**WHAT THE TASK REQUIRES:** Below are entries; copy exactly the lines from the one with "공장 직공급 Weiyue" through the one with "ఆర్థికంగా వెనుకబడిన తరగతుల", both included, and leave out the rest.

**AVAILABLE DATA:**
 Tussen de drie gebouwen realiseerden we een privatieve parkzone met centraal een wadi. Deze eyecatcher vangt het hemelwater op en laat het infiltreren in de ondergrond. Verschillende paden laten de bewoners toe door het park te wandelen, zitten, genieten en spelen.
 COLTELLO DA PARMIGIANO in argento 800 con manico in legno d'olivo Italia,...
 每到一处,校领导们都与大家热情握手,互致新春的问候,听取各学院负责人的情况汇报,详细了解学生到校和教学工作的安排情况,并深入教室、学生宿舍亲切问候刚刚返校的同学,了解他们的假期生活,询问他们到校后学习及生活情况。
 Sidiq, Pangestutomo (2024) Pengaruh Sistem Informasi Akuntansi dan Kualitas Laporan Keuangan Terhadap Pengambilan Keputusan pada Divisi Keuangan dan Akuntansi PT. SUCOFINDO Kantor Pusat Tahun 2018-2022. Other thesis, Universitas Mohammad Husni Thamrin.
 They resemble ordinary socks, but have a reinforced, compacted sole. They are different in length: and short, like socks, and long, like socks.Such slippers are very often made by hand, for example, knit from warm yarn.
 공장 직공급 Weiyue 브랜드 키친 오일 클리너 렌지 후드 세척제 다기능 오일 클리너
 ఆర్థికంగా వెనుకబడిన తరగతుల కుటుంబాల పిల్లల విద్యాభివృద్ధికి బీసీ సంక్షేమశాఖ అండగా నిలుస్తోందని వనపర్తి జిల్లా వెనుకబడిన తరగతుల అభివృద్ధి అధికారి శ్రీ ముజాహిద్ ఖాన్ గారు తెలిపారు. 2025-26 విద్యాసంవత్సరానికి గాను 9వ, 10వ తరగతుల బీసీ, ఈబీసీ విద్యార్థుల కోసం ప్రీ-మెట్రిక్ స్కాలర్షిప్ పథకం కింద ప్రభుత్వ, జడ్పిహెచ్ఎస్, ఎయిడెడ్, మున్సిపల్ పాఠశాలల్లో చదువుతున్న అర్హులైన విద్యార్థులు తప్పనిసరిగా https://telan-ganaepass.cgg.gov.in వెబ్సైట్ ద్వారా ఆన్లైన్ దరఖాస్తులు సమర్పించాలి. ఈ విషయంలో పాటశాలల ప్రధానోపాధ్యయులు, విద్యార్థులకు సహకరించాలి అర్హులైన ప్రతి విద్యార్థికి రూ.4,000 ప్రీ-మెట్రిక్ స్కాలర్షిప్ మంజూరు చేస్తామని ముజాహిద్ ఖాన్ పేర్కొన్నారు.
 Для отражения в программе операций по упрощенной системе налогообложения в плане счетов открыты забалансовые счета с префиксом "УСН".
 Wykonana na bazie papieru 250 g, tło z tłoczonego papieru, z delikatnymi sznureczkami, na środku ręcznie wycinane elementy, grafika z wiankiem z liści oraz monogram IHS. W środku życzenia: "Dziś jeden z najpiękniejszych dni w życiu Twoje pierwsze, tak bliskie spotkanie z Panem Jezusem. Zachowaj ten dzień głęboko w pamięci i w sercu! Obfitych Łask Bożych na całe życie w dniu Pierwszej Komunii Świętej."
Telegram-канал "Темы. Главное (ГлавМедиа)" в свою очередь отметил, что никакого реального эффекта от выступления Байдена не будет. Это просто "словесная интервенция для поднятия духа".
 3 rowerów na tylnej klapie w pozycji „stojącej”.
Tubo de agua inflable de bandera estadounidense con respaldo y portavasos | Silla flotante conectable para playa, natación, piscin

**WORKED SOLUTION:**
 공장 직공급 Weiyue 브랜드 키친 오일 클리너 렌지 후드 세척제 다기능 오일 클리너
 ఆర్థికంగా వెనుకబడిన తరగతుల కుటుంబాల పిల్లల విద్యాభివృద్ధికి బీసీ సంక్షేమశాఖ అండగా నిలుస్తోందని వనపర్తి జిల్లా వెనుకబడిన తరగతుల అభివృద్ధి అధికారి శ్రీ ముజాహిద్ ఖాన్ గారు తెలిపారు. 2025-26 విద్యాసంవత్సరానికి గాను 9వ, 10వ తరగతుల బీసీ, ఈబీసీ విద్యార్థుల కోసం ప్రీ-మెట్రిక్ స్కాలర్షిప్ పథకం కింద ప్రభుత్వ, జడ్పిహెచ్ఎస్, ఎయిడెడ్, మున్సిపల్ పాఠశాలల్లో చదువుతున్న అర్హులైన విద్యార్థులు తప్పనిసరిగా https://telan-ganaepass.cgg.gov.in వెబ్సైట్ ద్వారా ఆన్లైన్ దరఖాస్తులు సమర్పించాలి. ఈ విషయంలో పాటశాలల ప్రధానోపాధ్యయులు, విద్యార్థులకు సహకరించాలి అర్హులైన ప్రతి విద్యార్థికి రూ.4,000 ప్రీ-మెట్రిక్ స్కాలర్షిప్ మంజూరు చేస్తామని ముజాహిద్ ఖాన్ పేర్కొన్నారు.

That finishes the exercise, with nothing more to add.